I’m indecisive about where to eat. I consider returning to the hostel, search online for ideas, wander the streets but don’t commit to a restaurant, and when I finally do sit down somewhere, I don’t know what, or how to order. French phrases that used to flow freely now get stuck in my throat; it has been too long since I’ve used them, and they’ve tucked themselves away in the vault, reluctant to come out after being ignored for so long.

A neurotic determination not to commit any cultural faux pas combined with a concern for Covid precautions makes me awkward as I enter shops and cafés, heaven forbid I be dismissed as another ignorant tourist. I forget that ordering “un café s’il vous pla?t,” without further clarification, will earn you an espresso, not an americano.

Finally, when I open my windows on my second morning in the South of France, all set to soak up the sunshine and the sounds of a waking city, something cumbersome drops violently from above, knocking me hard on the head before landing on the floor with a clatter. The curtain pole in my budget-friendly accommodation was loose. Oh là là.What a start.

But where there’s challenge, there’s reward. When I successfully order “un café américain,” it often costs less than two euro, a simple but significant source of joy for a coffee lover accustomed to Cork city’s less-than-ideal prices. And it’s not just the coffee that’s inviting: the Côte d’Azur itself, home to millionaires and celebrities galore, rather than sneering at my scruffy trainers as I feared it might, reveals itself to be diverse, charming, alive with culture, steeped in history, and far less intimidating than I’d imagined.

The public transport is extensive, efficient, and affordable. Museums are generally inexpensive and often free for students. Even lunch in Cannes can be an affordable luxury, if you take a fresh sandwich from the boulangerie to one of the impressively well-maintained public beaches.

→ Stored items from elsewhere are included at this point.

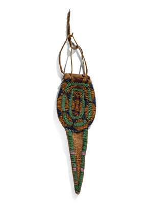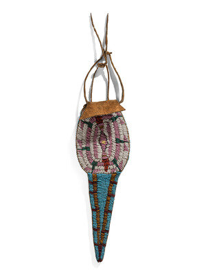thick, softly tanned hide in an unusual turtle-like form; sinew-sewn and beaded on both sides using colors of pink, red white-heart, white, translucent green light blue, amber, rose, cobalt, and pea green
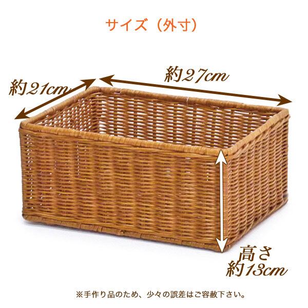 インドネシア産の上等な籐ツルで丁寧に編まれ、枠が太くて丈夫な造りが自慢です。まさに収納にぴったりの、かっちりとした長角型。
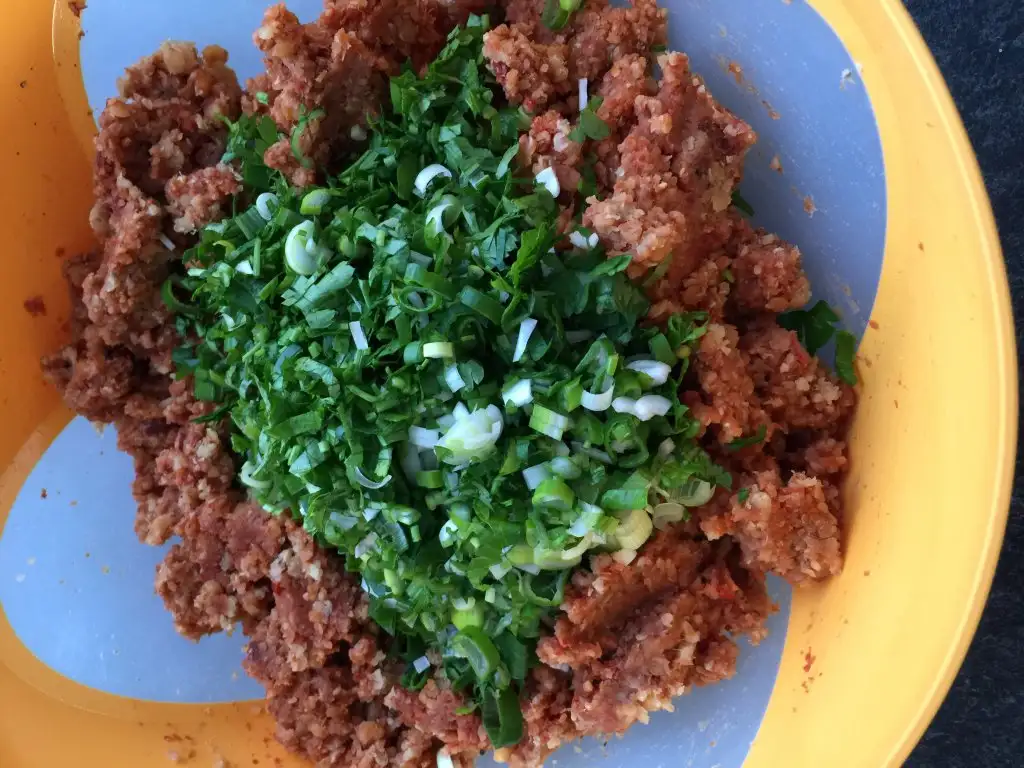 Mercımegı yıkayıp ıkı bardak suyla haslıyoruz bulguru atıp altını kapatıyoruz bıraz dınlendırıyoruz Eki Görüntüle 1404904 Soguyunca once salca ve baharatları katıp yoguruyoruz sonra yesıllerı Eki Görüntüle 1404905 Eki Görüntüle 1404906 ve bıraz lımon suyu zeytınyag katıp az daha yoguruyoruz ve sekıl verıp servıse hazır..
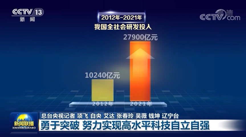 核心技術(shù)自主創(chuàng)新能力的提升也有賴于國家投入的增加。黨的十八大以來,我國全社會研發(fā)投入從2012年10240億元增長到2021年27900億元,其中基礎(chǔ)研究投入從498億元增長到超過1600億元,是十年前的3.4倍。我國投入運(yùn)行和在建的大科學(xué)裝置從屈指可數(shù)增加到50多個,基礎(chǔ)研究和戰(zhàn)略前沿突破能力大幅提升,為偉大變革、筑夢強(qiáng)國奠定新基。
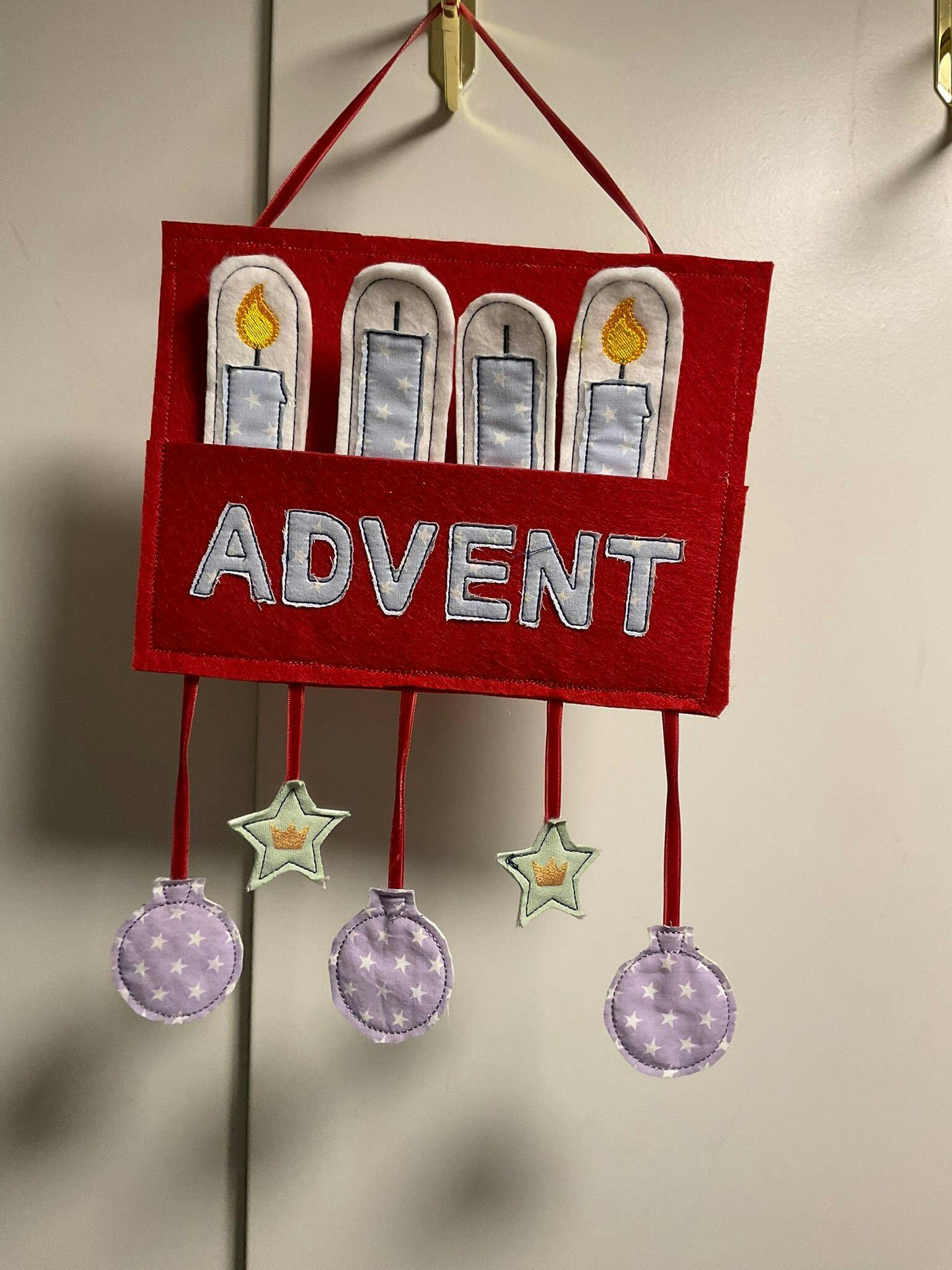 Der Adventskranz ist eine von drei Dateien die ich bei Sticktier erwerben habe. Den Adventskranz und den zu befallenden Tannenbaum konnte ich schon umsetzen. Beide bestechen durch sehr ausführliche, leicht zu befolgende Instruktionen. Die Dateien sind wirklich zu empfehlen! Es ist alles dabei was man braucht. Stoffmenge, Ablauf. Mega!

As the days pass, so do my nerves. Little by little my French returns, reassuring me that it was there all along, it just wanted a little attention. And as I get to know this vibrant, alluring region, the door to the vault, where all my travel know-how, independence, and curiosity seems to live, slowly but surely swings open.

As always, there are friends to be made in the dorm rooms, boutiques to stumble upon in the streets, local treats to taste and little pieces of myself I didn’t know existed, waiting for me to find them, out in the big wide world.

When I open up more, so does the vault. The pandemic isn’t over yet and the world remains an uncertain place to exist - in fact the wider world remains anything but peaceful. But it’s difficult, when you’re sitting on the beach with your sandwich, watching waves crash, and children play, just as they’ve always done, not to hope that soon, maybe just on that blue horizon, is a time when we’ll all feel at home again, not just where we live, where we work, or in Starbucks at Dublin Airport, but in the world.